> EXERCISE
All of the entries below should be printed exactly; the pictures are to be left out.

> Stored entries

▼

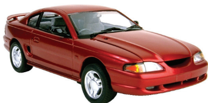
el auto the car
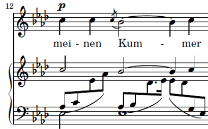
شكل رقم ( ٣ )
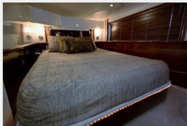
Master Stateroom (2)
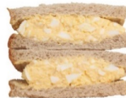
TAMACO サンド 1個 420円
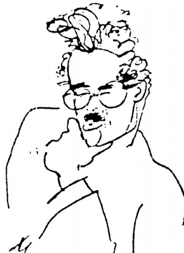
WB, crtež B. F. (Benedikt Fred) Dolbin, c. 1930.

http://anarhisticka-biblioteka.net/category/author/walter-benjamin
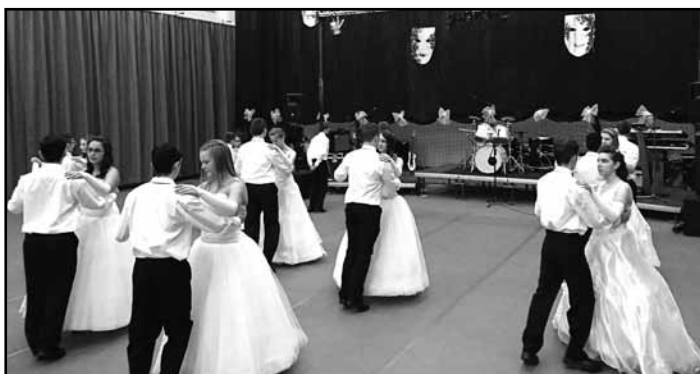
A tánc pillanatai
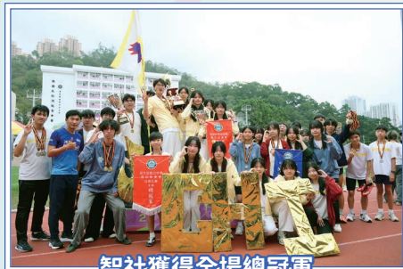
智社獲得全場總冠軍

在下學期舉行的陸運會中，各社社長率領社員及啦啦隊全力作賽，既展現了團結協作的精神，也為現場營造出熱烈氣氛。活動不僅考驗同學的運動技能，更深化了彼此的團隊意識。最終，智社奪得全場總冠軍，群社獲亞軍；啦啦隊比賽方面，群社摘冠，德社奪亞。

▲

> EXERCISE RESULT
el auto the car
شكل رقم ( ٣ )
Master Stateroom (2)
TAMACO サンド 1個 420円
WB, crtež B. F. (Benedikt Fred) Dolbin, c. 1930.

http://anarhisticka-biblioteka.net/category/author/walter-benjamin
A tánc pillanatai
智社獲得全場總冠軍

在下學期舉行的陸運會中，各社社長率領社員及啦啦隊全力作賽，既展現了團結協作的精神，也為現場營造出熱烈氣氛。活動不僅考驗同學的運動技能，更深化了彼此的團隊意識。最終，智社奪得全場總冠軍，群社獲亞軍；啦啦隊比賽方面，群社摘冠，德社奪亞。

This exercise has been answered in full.